_Data extracted from a collection_:
++++

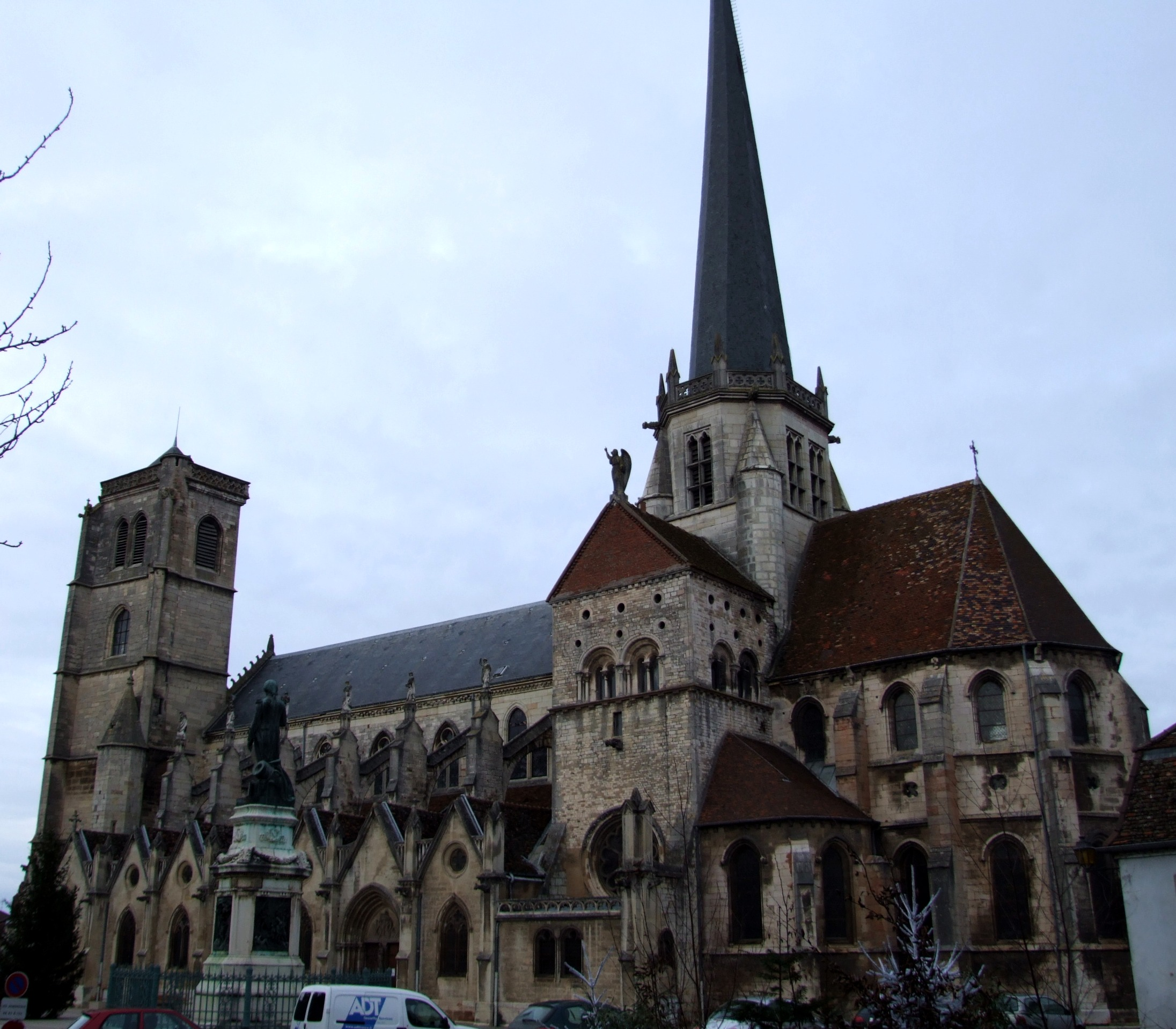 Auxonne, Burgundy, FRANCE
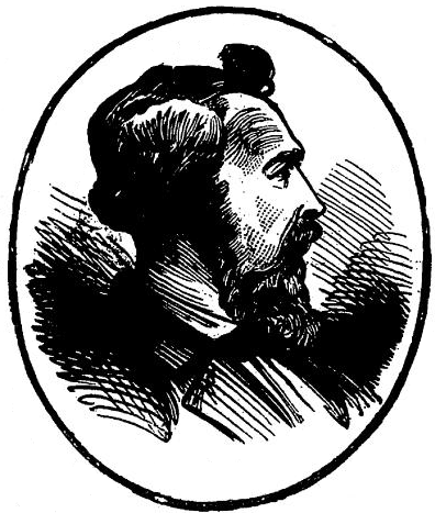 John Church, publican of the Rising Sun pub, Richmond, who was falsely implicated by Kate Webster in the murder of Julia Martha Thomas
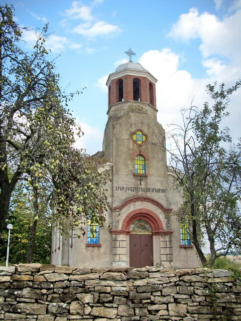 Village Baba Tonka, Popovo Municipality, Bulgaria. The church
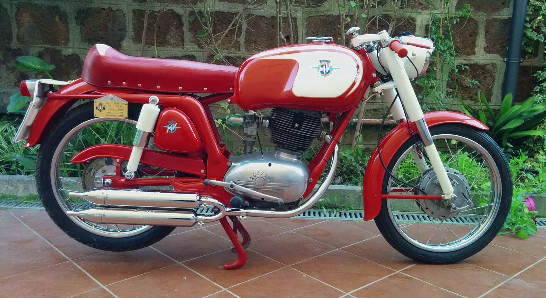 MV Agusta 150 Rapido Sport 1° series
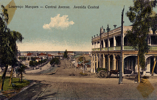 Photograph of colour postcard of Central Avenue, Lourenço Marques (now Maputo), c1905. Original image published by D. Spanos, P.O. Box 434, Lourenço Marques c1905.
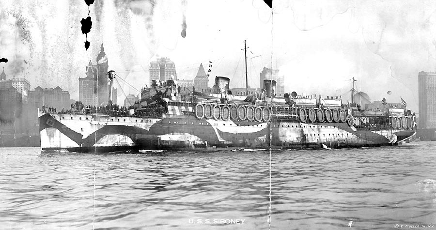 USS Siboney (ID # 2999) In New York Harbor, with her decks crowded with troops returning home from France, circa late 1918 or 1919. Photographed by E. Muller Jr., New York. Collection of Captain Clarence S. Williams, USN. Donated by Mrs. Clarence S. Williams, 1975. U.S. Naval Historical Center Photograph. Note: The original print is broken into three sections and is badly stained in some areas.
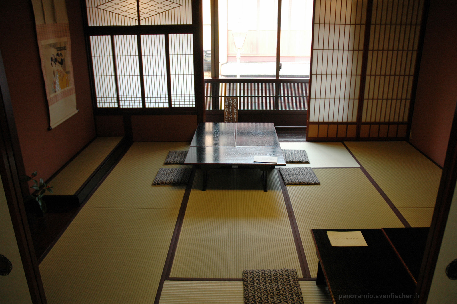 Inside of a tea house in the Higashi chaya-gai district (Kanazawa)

++++

_What to do_: Find the line containing "USS Siboney (ID" in the records above and restate it, and each line after it through the end, word for word, dropping the pictures.

_Answer for this exercise_:
 USS Siboney (ID # 2999) In New York Harbor, with her decks crowded with troops returning home from France, circa late 1918 or 1919. Photographed by E. Muller Jr., New York. Collection of Captain Clarence S. Williams, USN. Donated by Mrs. Clarence S. Williams, 1975. U.S. Naval Historical Center Photograph. Note: The original print is broken into three sections and is badly stained in some areas.
 Inside of a tea house in the Higashi chaya-gai district (Kanazawa)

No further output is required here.